For example, the point positions used in the joint base link model
may not include positions of the right and left ankles and may
include positions of the right and left elbows or wrists. The part
regions, for example, may not include the right and left lower
thigh regions and may include the right and left upper arms or
forearms.
[0154] A portion of a configuration of orientation estimation
device 100, for example, may be separated from other portions by
being arranged in an external apparatus such as a server in a
network. In this case, orientation estimation device 100 needs to
include a communication unit for making communication with the
external apparatus.
[0155] The present disclosure is able to be applied to an image or
video obtained by photographing a person such a video of other
sports as well as the video of the American football.

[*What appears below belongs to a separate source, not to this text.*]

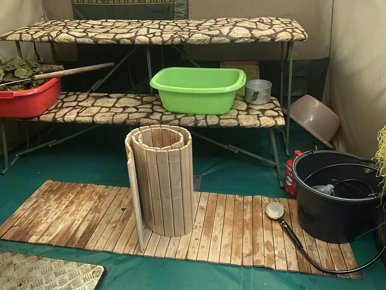 Вчера, после плодотворных трудов, устроил себе банный релакс. Время около 21.00, Температура за бортом +9. Палатку поставил прямо во дворе.

[0156] <Outline of The Present Disclosure>
[0157] The orientation estimation method of the present disclosure
includes an image inputting step, a reference position setting
step, a candidate region determining step, and an orientation
determining step. In the image inputting step, an analysis target
image is input. In the reference position setting step, a plurality
of reference positions including a head position and a waist
position of a person are set with respect to an input analysis
target image. In the candidate region determining step, a candidate
region of a part region is determined in an analysis target image
based on the joint base link model in which the orientation of a
person is defined by an arrangement of a plurality of point
positions (positions) including the head position and the waist
position and a plurality of part regions and a plurality of
reference positions which are set. In the orientation determining
step, it is determined whether a person included in an analysis
target image takes the orientation or not based on a part image
feature which is an image feature of the part region in an image
obtained by photographing a person and an image feature of the
determined candidate region.
[0158] The orientation estimation method may include an image
display step which displays an analysis target image and an
operation receiving step that receives a drag-and-drop operation
with respect to the displayed analysis target image. In this case,
in the reference position setting step, a start point and an end
point of the drag-and-drop operation are respectively set with
respect to the analysis target image as the head position and the
waist position.
[0159] In the designation estimation method, the candidate region
determining step may determine a candidate region regarding each of
a plurality of part regions. The orientation determining step may
also include a likelihood per part calculating step and an entire
likelihood evaluating step. In the likelihood per part calculating
step, the likelihood per part representing certainty that a
candidate region is a corresponding part region is calculated for
each of a plurality of candidate regions. In the entire likelihood
evaluating step, it is determined whether the person included in
the analysis target image takes the orientation or not based on
some or all of the plurality of calculated likelihoods per
part.
[0160] In the orientation estimation method, the joint base link
model may include a combination of a plurality of state variables
that define an arrangement. In this case, the candidate region
determining step includes an initial sample generating step and an
initial particle mapping step. In the initial sample generating
step, a value of the state variable is changed and a relative
positional relationship between a plurality of point positions and
a plurality of part regions is determined for each of a plurality
of orientations. In the initial particle mapping step, a plurality
of candidate regions are determined based on-the relative
positional relationship determined for each of a plurality of
orientations and the plurality of reference positions which are
set. The orientation determining step includes an initial
orientation estimating step. In the initial orientation estimating
step, regarding each of the plurality of orientations, processing
of likelihood per part calculating step and the entire likelihood
evaluating step regarding a plurality of candidate regions
determined in the initial particle mapping step are performed to
thereby determine a candidate orientation which is an orientation
having a high possibility that a person included in the analysis
target image takes from among the plurality of orientations.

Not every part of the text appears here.